> _Supplied data_:
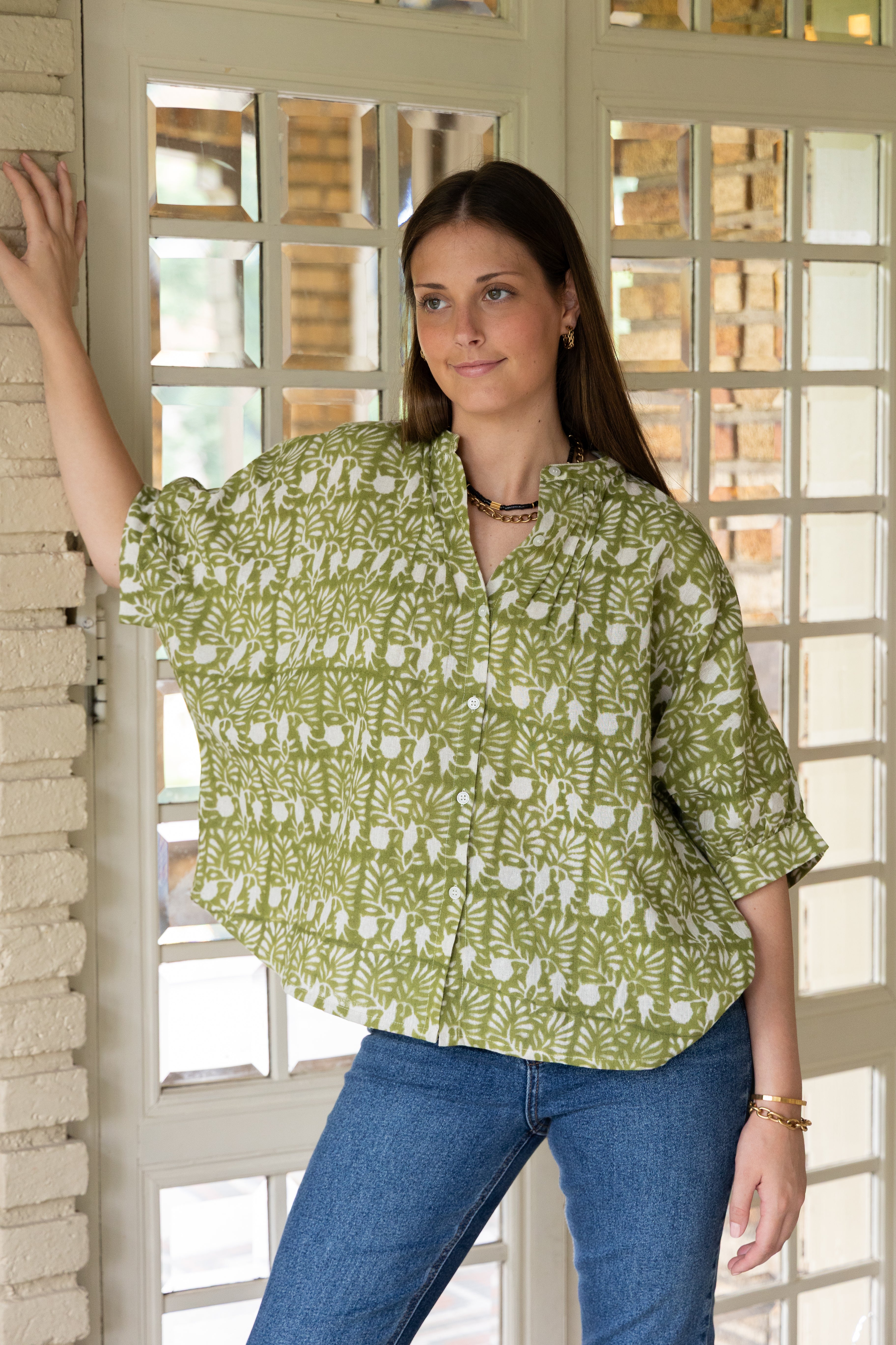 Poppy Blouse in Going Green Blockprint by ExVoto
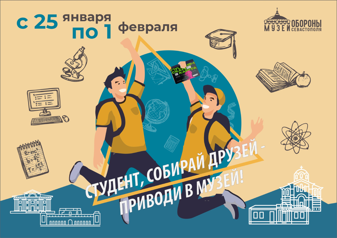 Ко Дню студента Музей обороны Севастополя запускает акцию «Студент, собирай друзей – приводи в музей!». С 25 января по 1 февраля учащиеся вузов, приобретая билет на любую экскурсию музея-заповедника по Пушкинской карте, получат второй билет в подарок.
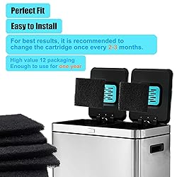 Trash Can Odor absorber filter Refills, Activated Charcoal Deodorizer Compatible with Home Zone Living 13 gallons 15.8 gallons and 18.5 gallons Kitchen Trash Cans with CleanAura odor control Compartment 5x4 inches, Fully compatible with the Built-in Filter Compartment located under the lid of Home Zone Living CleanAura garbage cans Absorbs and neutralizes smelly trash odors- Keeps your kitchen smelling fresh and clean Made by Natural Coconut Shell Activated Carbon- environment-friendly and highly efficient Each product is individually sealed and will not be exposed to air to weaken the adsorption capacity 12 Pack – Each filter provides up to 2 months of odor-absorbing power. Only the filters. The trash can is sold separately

> _Exercise brief_:
What you should repeat exactly is the run of lines from the top of the listing above through the line with "Ко Дню студента", without pictures.

> _Answer space_:
 Poppy Blouse in Going Green Blockprint by ExVoto
 Ко Дню студента Музей обороны Севастополя запускает акцию «Студент, собирай друзей – приводи в музей!». С 25 января по 1 февраля учащиеся вузов, приобретая билет на любую экскурсию музея-заповедника по Пушкинской карте, получат второй билет в подарок.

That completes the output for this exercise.